Various TGF-β inhibitors are currently being tested in different cancers and investigated for their activity on NK cells, including Vactosertib (TEW-7197), an orally bio-available inhibitor of the TGFBRI, tested in phase I studies for advanced solid tumors (NCT02160106) or in association with the IMiD drug Pomalidomide for multiple myeloma (NCT03143985), where NK cells play a relevant role in the control of plasma malignant cells in the bone marrow. In this context, a different TGFRI kinase inhibitor, Galunisertib, has been investigated for AML and colon carcinoma and its administration has been associated with a significant up-regulation of the activating receptor NKG2D expression on NK cells and the release of TNF-α and IFN-γ [31].

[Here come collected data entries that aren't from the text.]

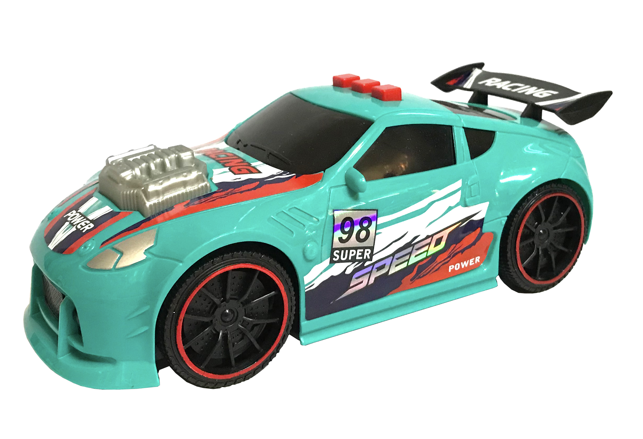 Auto závodní s efekty. Velikost 21 cm. Vydává světelné a zvukové efekty. Aktivace tlačítky na střeše. Levé tlačítko - zvuk motoru, pohyb dopředu a po krátké pauze pohyb dozadu. Prostřední tlačítko - zvuk troubení. Pravé tlačítko - hudba. Baterie 3xAA (1,5V), nejsou součástí.
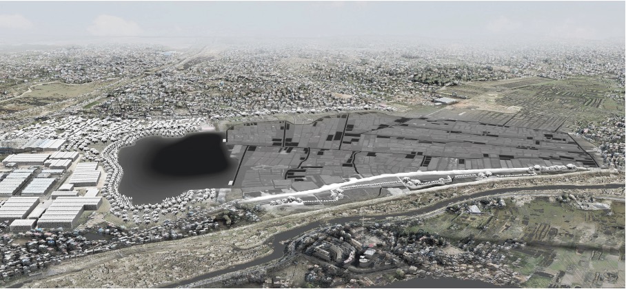 Landscape designers Dr. Philipp Urech, Alan von Arx, and Zhu Qianer developed a new city design based on resilient and multifunctional farming practices of periurban farmers (raised beds networks for vegetables, buffer basin for flood regulation, and ponds for ducks and fish production). Source: Design Research Studio of Dr. Philipp Urech © ETH Zürich
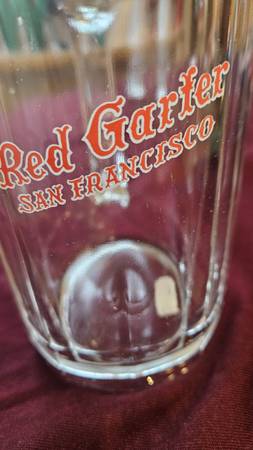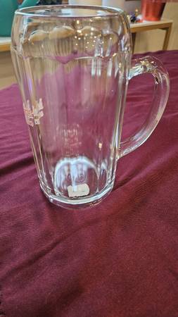 Large, heavy, fluted beer stein. Holds 36 oz. Bright red and white writing, in excellent condition. $7 Call
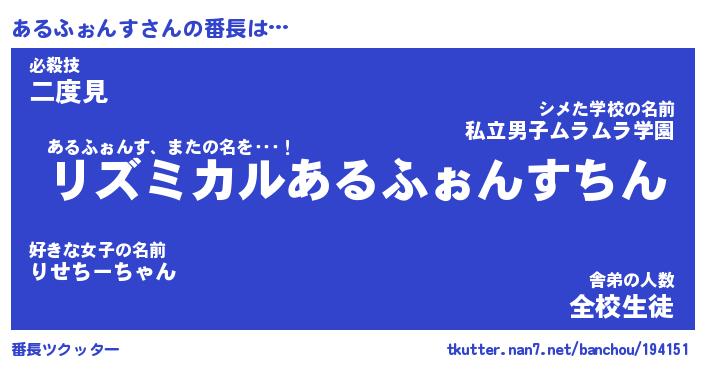 | 肩書あだ名 | 『あるふぉんす店長』『あるふぉんす団長』 |
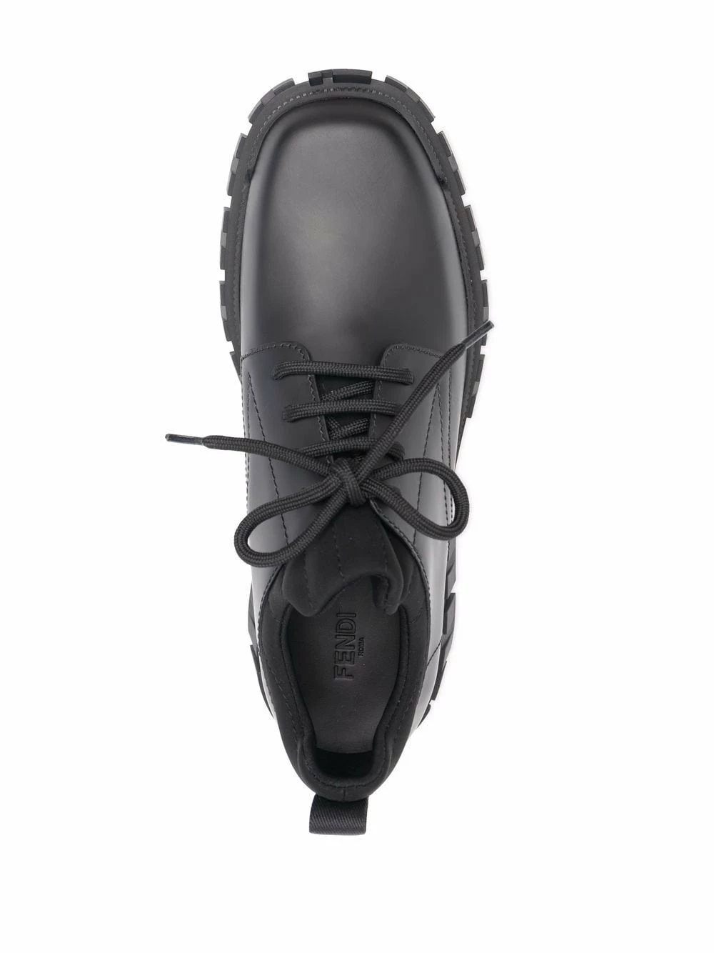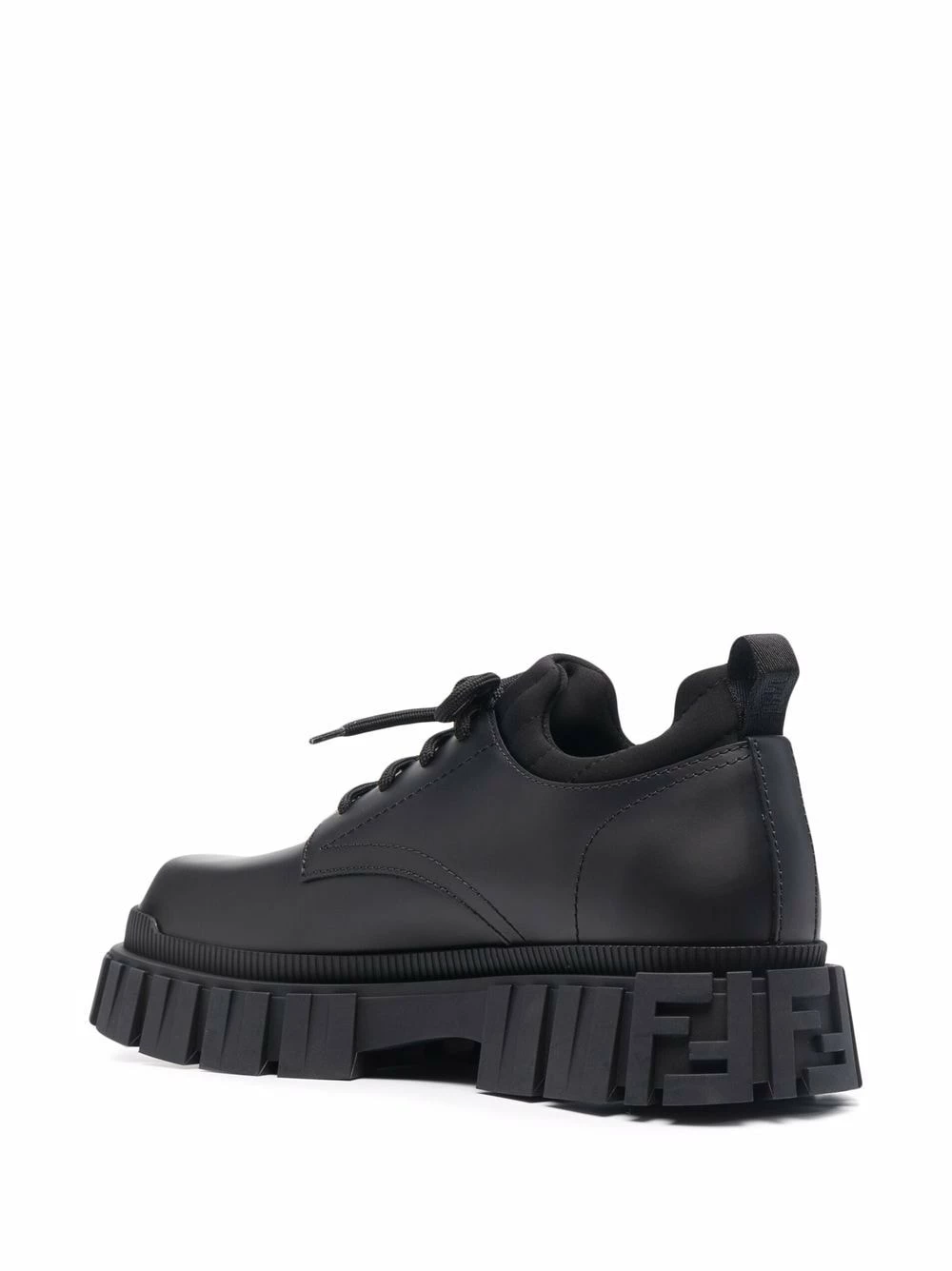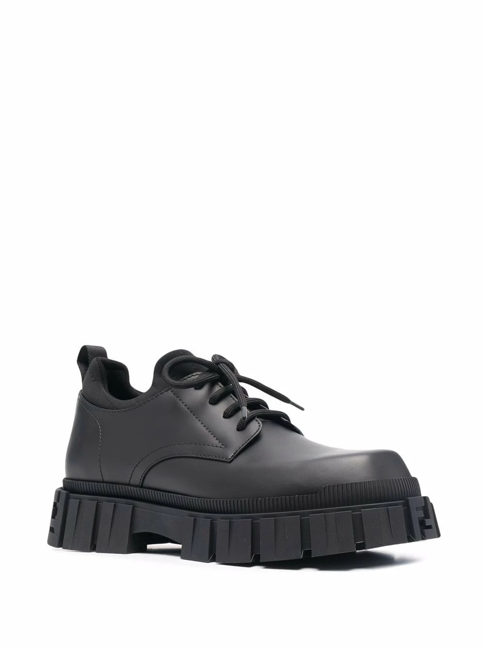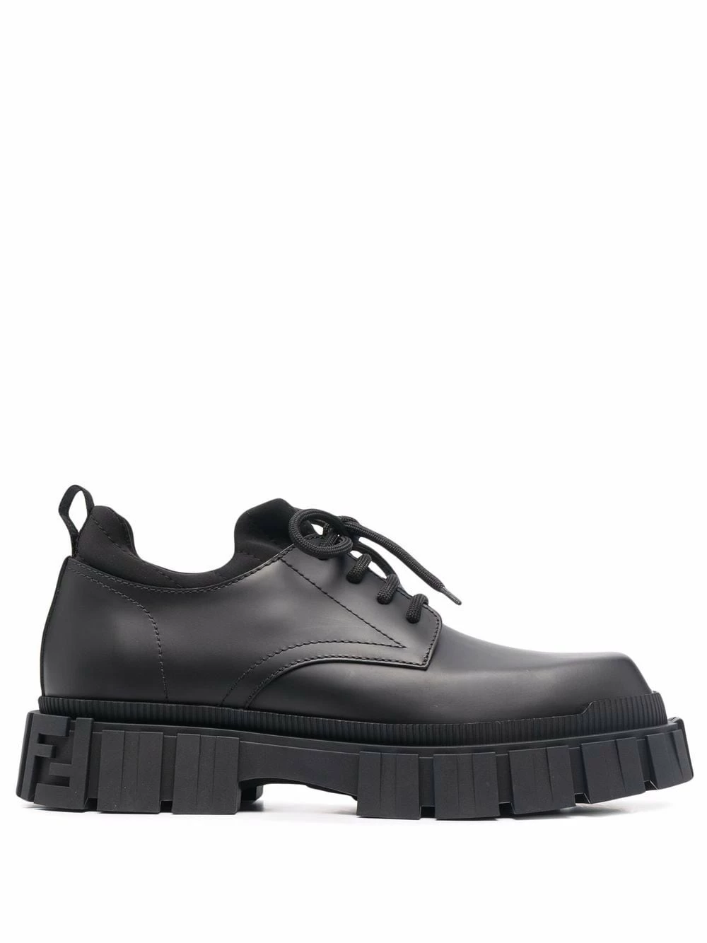 Fendi’s Derby shoes are presented in a panelled smooth leather construction. Set upon a chunky rubber sole, the design displays embossed FF detail incorporated into the ridges of the heel.Β

Interesting results were also obtained using a recombinant chimeric protein termed FIST15, composed of the stimulatory cytokine IL15, the sushi domain of IL15Rα, and a TGF-β ligand trap [100]. In vitro FIST15 treatment enhanced the capacity of NK and CD8+ T cells to produce IFN-γ and TNF-α as well as to express cytolytic effector molecules, such as granzyme and perforin. More importantly, FIST15 predominately acted through NK cells to mediate control and clearance of B16-F0 melanoma tumor in vivo. This bifunctional biopharmaceutical, able to solve the problem of low clinical efficacy of cytokines caused by tumor immunosuppressive factors, has great potential as an immunotherapeutic agent.

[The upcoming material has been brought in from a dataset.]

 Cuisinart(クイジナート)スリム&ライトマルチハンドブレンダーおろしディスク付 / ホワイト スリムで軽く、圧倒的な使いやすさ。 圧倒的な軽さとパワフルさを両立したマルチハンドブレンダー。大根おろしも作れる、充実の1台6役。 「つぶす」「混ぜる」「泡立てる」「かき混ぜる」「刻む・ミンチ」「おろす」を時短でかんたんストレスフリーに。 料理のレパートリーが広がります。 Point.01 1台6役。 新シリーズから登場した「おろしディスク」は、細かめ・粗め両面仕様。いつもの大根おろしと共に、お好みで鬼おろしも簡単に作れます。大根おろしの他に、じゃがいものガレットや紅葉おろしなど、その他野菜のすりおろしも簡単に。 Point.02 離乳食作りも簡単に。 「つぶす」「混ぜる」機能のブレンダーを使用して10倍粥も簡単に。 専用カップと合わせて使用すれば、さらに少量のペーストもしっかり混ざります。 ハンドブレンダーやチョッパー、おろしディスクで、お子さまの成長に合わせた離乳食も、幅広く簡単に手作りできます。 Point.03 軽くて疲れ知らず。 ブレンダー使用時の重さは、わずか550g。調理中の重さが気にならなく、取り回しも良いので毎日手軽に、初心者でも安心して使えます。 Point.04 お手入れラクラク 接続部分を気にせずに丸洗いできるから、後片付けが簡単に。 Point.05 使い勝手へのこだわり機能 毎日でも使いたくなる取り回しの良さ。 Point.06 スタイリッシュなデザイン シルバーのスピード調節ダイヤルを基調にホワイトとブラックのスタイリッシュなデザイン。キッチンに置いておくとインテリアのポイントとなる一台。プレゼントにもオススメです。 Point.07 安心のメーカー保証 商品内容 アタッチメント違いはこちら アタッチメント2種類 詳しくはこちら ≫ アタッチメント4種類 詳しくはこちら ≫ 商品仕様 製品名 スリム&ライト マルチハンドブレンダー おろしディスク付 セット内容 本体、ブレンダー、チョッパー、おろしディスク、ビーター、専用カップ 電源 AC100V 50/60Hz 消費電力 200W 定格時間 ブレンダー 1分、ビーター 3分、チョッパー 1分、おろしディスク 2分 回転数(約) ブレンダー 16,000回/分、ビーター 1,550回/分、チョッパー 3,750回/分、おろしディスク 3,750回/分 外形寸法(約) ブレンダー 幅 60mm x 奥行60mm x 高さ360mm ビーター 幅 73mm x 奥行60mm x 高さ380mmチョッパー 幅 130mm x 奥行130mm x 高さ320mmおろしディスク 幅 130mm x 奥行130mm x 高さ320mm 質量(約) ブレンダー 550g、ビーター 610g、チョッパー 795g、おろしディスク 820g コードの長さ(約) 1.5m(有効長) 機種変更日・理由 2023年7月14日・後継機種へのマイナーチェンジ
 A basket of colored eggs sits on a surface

More recently, it was demonstrated that TGF-β blockade can restore anti-tumor immune response also when combined with inhibitors of the immune checkpoint pathway PD-L1/PD-1. The fusion protein M7824, consisting of the extracellular domain of human TGFRII (TGF-β trap) linked to the C-terminus of human anti-PD-L1 heavy chain, significantly decreased tumor burden and increased survival in murine models of breast and colon carcinoma [101]. Antibody-mediated depletion of CD8+ T and NK cells was able to abrogate the M7824 activity supporting the anti-tumor role for these lymphocytes. Indeed, in tumor bearing mice treated with this bifunctional agent, tumor infiltrating CD8+ T and NK cells displayed a more active and cytotoxic phenotype.

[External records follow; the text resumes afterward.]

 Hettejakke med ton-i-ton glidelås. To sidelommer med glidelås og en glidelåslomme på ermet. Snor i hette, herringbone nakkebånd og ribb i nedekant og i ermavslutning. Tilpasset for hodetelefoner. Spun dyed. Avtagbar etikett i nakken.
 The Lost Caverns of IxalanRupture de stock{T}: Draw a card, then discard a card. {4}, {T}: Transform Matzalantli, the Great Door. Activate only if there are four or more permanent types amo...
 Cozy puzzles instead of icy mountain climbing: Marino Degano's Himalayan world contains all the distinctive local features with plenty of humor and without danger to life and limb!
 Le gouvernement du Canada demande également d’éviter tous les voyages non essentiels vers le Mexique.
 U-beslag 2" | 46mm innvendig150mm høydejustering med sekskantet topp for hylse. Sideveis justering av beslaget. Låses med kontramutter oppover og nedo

In a different approach, genetic engineering was also used to generate stable SMAD3 silenced NK92 cells (NK-92-S3KD), the only FDA-approved human NK cell line for use in clinical trials. Knockdown of SMAD3 enhanced the cytotoxicity of NK92 cells against human hepatoma or melanoma cells as well as the production of IFN-γ via E4BP4, even in the presence of high amounts of TGF-β [102]. In line with these findings, the administration of NK-92-S3KD in NOD/SCID mice bearing human xenografts resulted in higher NK cell activation and cytokine production.

5. Conclusions

TGF-β has been demonstrated to be a key cytokine for tumor progression and evasion from immune surveillance. In particular, the importance of TGF-β as a mediator of impaired anti-tumor NK cell response is no longer debated. The role of non-NK cell ILCs in cancer are less clear and seem to vary greatly depending on the cytokine composition of the tumor microenvironment. In this scenario, the complex immunomodulatory activities of TGF-β play a major role for cancer progression given its profound effects on the activation, proliferation, and expression of inhibitory and activating receptors on these cells. Interestingly, a recent finding provides new insight into ILC1 plasticity in the tumor microenvironment, describing the TGF-β-driven conversion of NK cells into ILC1s, less efficient or unable to restrain tumor growth and metastasis in mice. This underscores a previously unknown mechanism by which tumors escape surveillance by the innate immune system. Further studies are needed to elucidate the contribution of specific ILC populations in cancer and to better understand whether the immunosuppressive activity of TGF-β may depend on its capability to modify phenotypic and functional properties of these effector lymphocytes. A better comprehension of these mechanisms will pave ways for anticancer therapeutic approaches targeting TGF-β signaling since their effects on non-NK cell ILCs remain unexplored.